Поднялась цена за парковку, машину отбуксовали, пока не будет оплачена разница. Шану сцепился с рабочими на буксире. После суммирования всех расходов и уплаты аренды за машину в «Кемптон каре» чистая прибыль оказывалась совсем ничтожной. Шану много работал, и чем больше он работал, тем чаще подозревал обман.
— Гоняюсь за дикими быками, — говорил он, — и ем собственный рис.
Автоматический массажер для спины вроде работает. Шану уселся на него и хрюкнул от удовольствия.
— Даже не знаю, — сказал он и всхлипнул. — А то за рулем иногда можно и заснуть.
— Можно, я попробую, папа?
Биби всегда интересовалась последними приобретениями Шану. Она играла с лягушкой-освежителем, хлопала ее по спинке, пока Шану не приказал:
— Хватит, а то там все закончится.
— Это для снятия напряжения и для расслабления мышц, — объяснил Шану, прочитав по-английски на упаковке. — У тебя есть напряжение в теле?
— Нету, — тихо сказала Биби.
— Что за чушь ты смотришь, Шахана? Немедленно выключи.
— Откуда ты знаешь, что это чушь, ты же не смотришь?
У Назнин перехватило дыхание.
На улице стемнело. Комнату будто загерметизировали. Слишком много вещей. Слишком много людей. Слишком мало света.
Шану встал и выключил телевизор. Вернулся на свое место и протянул старшей дочери руку:
— Иди, иди сюда, сядь ближе.
Шахана не шевелилась. Дунула в челку.
К ней подошла Назнин:
— Иди. Посиди с отцом. Слышишь, он тебя зовет.
Шану махнул жене рукой:
— Пусть сидит. Она уже взрослая. Она уже не ребенок. Ведь ты уже не ребенок, правда, Шахана?
Шахана еле заметно дернула плечом.
— Ладно, ладно, — сказал Шану.
Он вытащил что-то из зубов. Прижался спиной к своему массажеру и повращал лодыжками.

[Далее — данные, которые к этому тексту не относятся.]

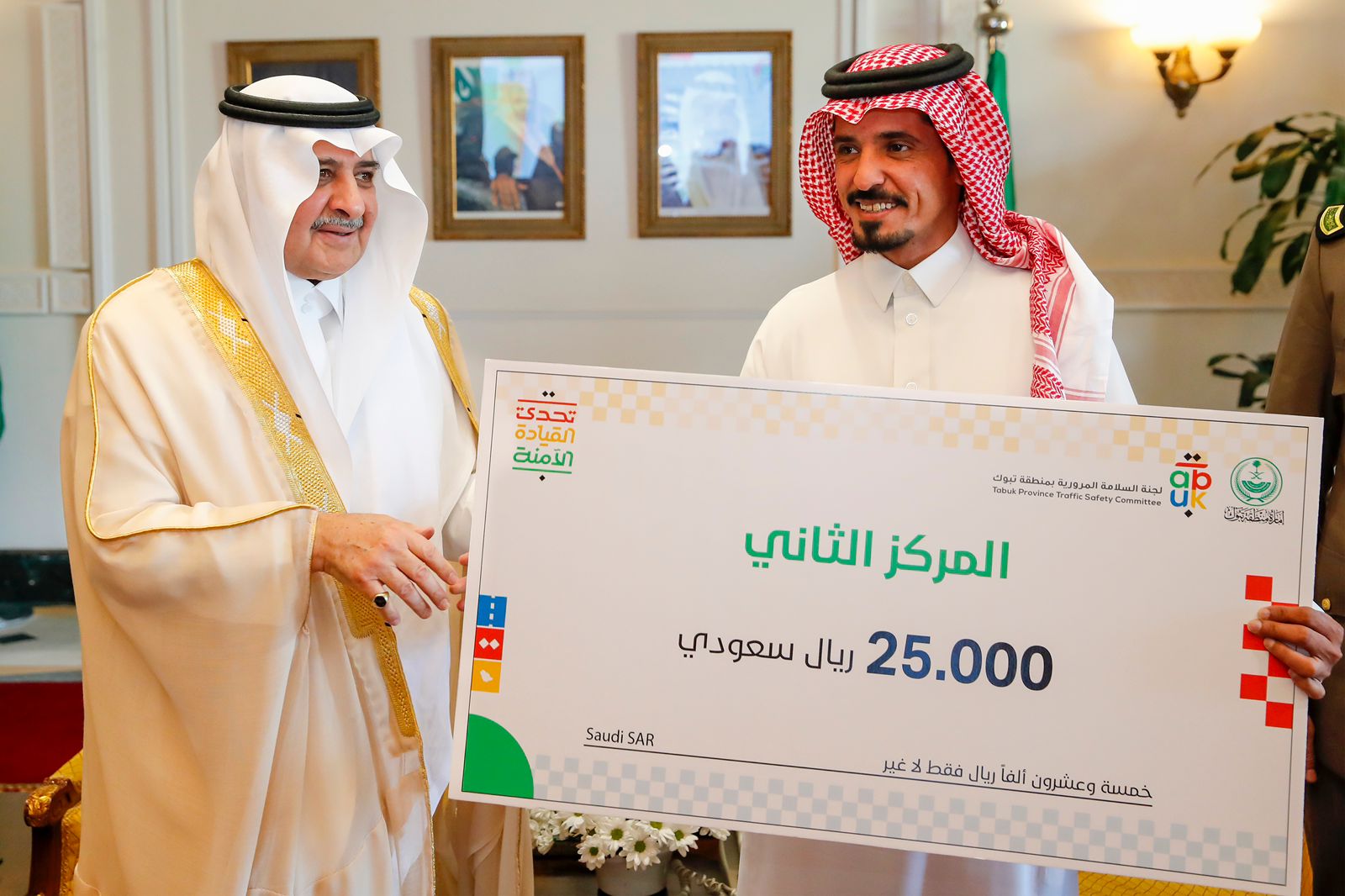 بعدها قام صاحب السمو الملكي الأمير فهد بن سلطان بن عبد العزيز أمير منطقة تبوك رئيس اللجنة العليا للسلامة المرورية بالمنطقة، بتكريم الفائزين بمسابقة تحدي القيادة الآمنة ، وشركاء مبادرة القيادة الآمنة من مختلف القطاعات الحكومية والأهلية الذين أسهموا في نجاح فعالياتها طوال فترة إقامتها، حيث بلغ مجموع ماتم رصده من جوائز مالية للجائزة " 500 " ألف ريال، تم توزيع مجملها على شكل مكافآت أسبوعية طوال الخمسة أشهر الماضية على السائقين الملتزمين بالأنظمة المرورية المحددة في إشتراطات الجائزة، فيما تم رصد 135 ألف ريال مكافاة مالية للعشرة الأوائل، إلى جانب ماسيتم سداده من مخالفات مرورية لعدد 10 فائزين بقيمة تصل الى 3 آلاف ريال لك فائز، وحصول 10 فائزين على خصومات لتأمين المركبات بنسبة تصل إلى 30%, إضافة إلى ماستقدمه شركة التعاونية من خصومات في مجال تأمين السيارات لأكثر من 1300 قائد مركبة.

— Как школа? Все еще лучшая ученица? Наверное, умнее всех, а?
— В школе все о'кей, — ответила она по-английски, слегка обернувшись.
— «О'кей, о'кей». Без конца смотрит телевизор и все равно хорошо учится. — Он заговорил тише. — Когда я учился в школе, у меня были очень хорошие оценки. Ваша мать тоже очень умная женщина, хотя тщательно это скрывает. Но, понимаешь, не было у нас возможности прокладывать себе дорогу. Мы пытались…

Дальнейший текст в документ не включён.